The inability of our ethically immature elites to reckon, seriously, with knife crime speaks to how this scourge developed in the first place. It seems clear to me that the cult of the knife is a provocation born out of the demise of moral clarity, adult authority and social discipline in 21st-century Britain. It is not only nature that abhors a vacuum – society does, too. And it is in the wastelands of unpoliced streets, of weakened family life, of parents, teachers and other adult figures feeling increasingly bereft of the moral command they once enjoyed over the next generation, that the new low-level mob rule has taken hold. A society that advertises itself as post-values, which rejects school discipline as Dickensian, that thinks fatherlessness is fine, and whose cops spend more time policing tweets than streets, should not be surprised if new social menaces emerge.

We should not whip up a culture of fear around knife crime. Fear is as useless a tool for navigating moral storms as is the post-ethical complacency of our rulers. In London, there has not been a notable spike in murders. So far this year, the capital has seen 79 deaths by violence. Fifteen of the victims were teenagers. Every one of those killings is a disaster, for families and communities. But we must maintain perspective. In 2017/18, there were 159 homicides in London. In 2019/20, 144. The risk of being murdered in London remains very low.

No, the problem today is not an ‘epidemic’ of knife crime but the nature of knife crime. To my mind, it’s the question of why knives and machetes are being carried and used that feels most unsettling. Many knife offences in the capital today are not the ‘crimes of passion’ or drug-linked killings that have always been with us, but rather seem like crimes of narcissism. Crimes of ‘esteem’. Ferociously violent payback for presumed insults, for hurt feelings, essentially. This seems to have been the case in the slaying of Elianne. And it comes across in other noisy, bloody assaults on unsuspecting youths, too.

The cult of the knife starts to look like the militant wing of the cult of narcissism. Urban youths defend their ‘reputations’ from slight even more fiercely than middle-class youths protect their identities. In both cases, though, for all that they are worlds apart, a pained and fragile vanity seems to rule the day. We are witnessing a violent manifestation of the sanctification of the self. Having abandoned the great and taxing task of socialising the young into the values of the community, and having simultaneously encouraged the belief that one’s self-esteem matters over all else, Britain has no right to be shocked that anti-social behaviour has become a problem, and that violent self-regard now seems to be on the cards.

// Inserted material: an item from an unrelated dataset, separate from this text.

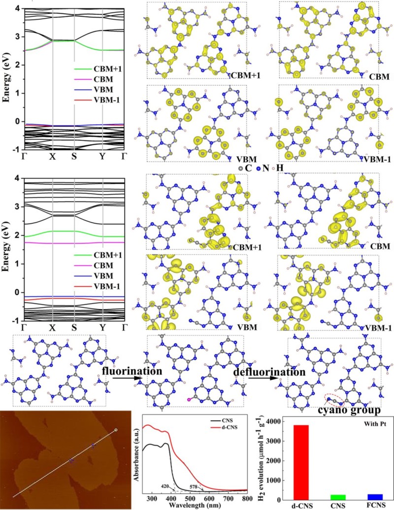 该团队前期首创了低维碳材料的超掺杂技术,即首先对低维碳材料进行氟化后再进行热退氟处理,利用退氟带走碳原子而产生的碳空位实现了轻质元素的超掺杂,并最终实现了近室温铁磁性的氮超掺杂石墨烯(Nature Communications 7,10921,2016)。该团队借助于该氟化热退氟工艺,通过先轻度氟化氮化碳[F/(C+N)%=2.04%]后再热退氟处理后发现:热退氟后能在原子级二维碳氮中引入少量的氰基,其带隙从3.06 eV能有效窄化到2.86 eV。该团队通过理论计算证实:氰基的引入能有效窄化其带隙,并改变其表面的电荷分布。最后,该团队演示了氟化退氟使得该材料的见光光催化产氢性能从262.43显著提升到3809.6 mmol h-1g-1的应用实例。该成果以《Increasing solar absorption of atomically thin 2D carbon nitride sheets for enhanced visible-light photocatalysis》为题发表在(Advanced Materials 31, 1807540,2019)上。物理学院2017级博士生王勇为论文第一作者,汤怒江教授和中国科学院金属所刘岗研究员为论文共同通讯作者。以上研究得到了科技部重点研发计划、国家自然科学基金委、科学院、凯发k8官网“双一流建设”课题等的资助。

The link between social disarray and egotistical violence was brought home to me by the anti-crime initiative, Don’t Stab Your Future (DSYF). Supported by the great Idris Elba, DSYF, as its name suggests, encourages youths to put down the knives to ensure that they have a nice, prison-free future. It appeals to self-interest, not the social interest. It says the problem with using knives is that it will hurt you, the knife-user. You’ll suffer consequences, possibly penal consequences. What a grim testament to the hyper-individuation of our times that crime is discouraged not on the basis that it hurts its victims and the broader community, but on the basis that it will hamper the life chances of the criminal himself. Such a remedy – ‘think of yourself’ – is worse than useless. In fact, it risks inflaming the very post-social, post-moral self-concern that would appear to be at the root of the cult of the knife.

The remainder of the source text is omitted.